Simulated power values exceeding the turbine's rated power result from deviations in the provided tabulated data from the idealized power curve (see Fig. 1). The model does not account for turbine optimization above the cut-off wind speed (25 m s−1); in such cases, the instantaneous power output is set to zero. However, the non-zero values above the cut-off wind speed in the figure arise from the calculation of the hourly average, where not all wind speed values within an hour necessarily exceed the cut-off threshold.

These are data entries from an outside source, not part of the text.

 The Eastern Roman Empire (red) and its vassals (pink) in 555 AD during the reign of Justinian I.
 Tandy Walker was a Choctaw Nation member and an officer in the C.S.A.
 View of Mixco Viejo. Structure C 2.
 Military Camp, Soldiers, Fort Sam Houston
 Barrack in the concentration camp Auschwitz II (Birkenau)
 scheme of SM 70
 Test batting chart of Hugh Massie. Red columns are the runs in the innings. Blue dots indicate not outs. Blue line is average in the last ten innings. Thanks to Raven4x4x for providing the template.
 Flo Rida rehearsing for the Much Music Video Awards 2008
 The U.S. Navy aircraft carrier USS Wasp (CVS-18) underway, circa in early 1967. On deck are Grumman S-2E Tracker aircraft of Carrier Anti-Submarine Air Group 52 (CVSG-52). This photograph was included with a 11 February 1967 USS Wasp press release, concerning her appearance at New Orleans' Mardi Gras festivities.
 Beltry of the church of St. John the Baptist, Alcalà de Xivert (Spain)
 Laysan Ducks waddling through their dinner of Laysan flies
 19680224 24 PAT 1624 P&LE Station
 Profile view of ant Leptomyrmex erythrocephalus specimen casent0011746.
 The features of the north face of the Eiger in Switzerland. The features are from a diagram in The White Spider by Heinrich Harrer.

4.5 Uncertainty in wind farm power production

Atmospheric stability cases do not occur with the same frequency throughout the year. The analysis for monthly frequencies for atmospheric conditions at 90 and 150 m at wind farm sites in the North Sea from 2008 to 2018 show that neutral conditions prevail throughout the year (Fig. 9). Stable and very stable atmospheric conditions are more prevalent during summer and the transitional seasons, with very stable conditions occurring more frequently. Turbines with a hub height of 150 m experience a different wind regime, characterized by more frequent stable and very stable conditions compared to turbines at 90 m hub height. This is due to reduced surface-driven turbulence and persistent temperature gradients at higher altitudes. Near the ground, friction and solar heating generate turbulence and mixing, but these effects weaken with height. In Fig, 3, the mean wind speed is at its lowest during summer months; therefore, the combination of low wind speed and reduced turbulence is more likely to induce larger power losses as a consequence of the wake effects at this time of the year.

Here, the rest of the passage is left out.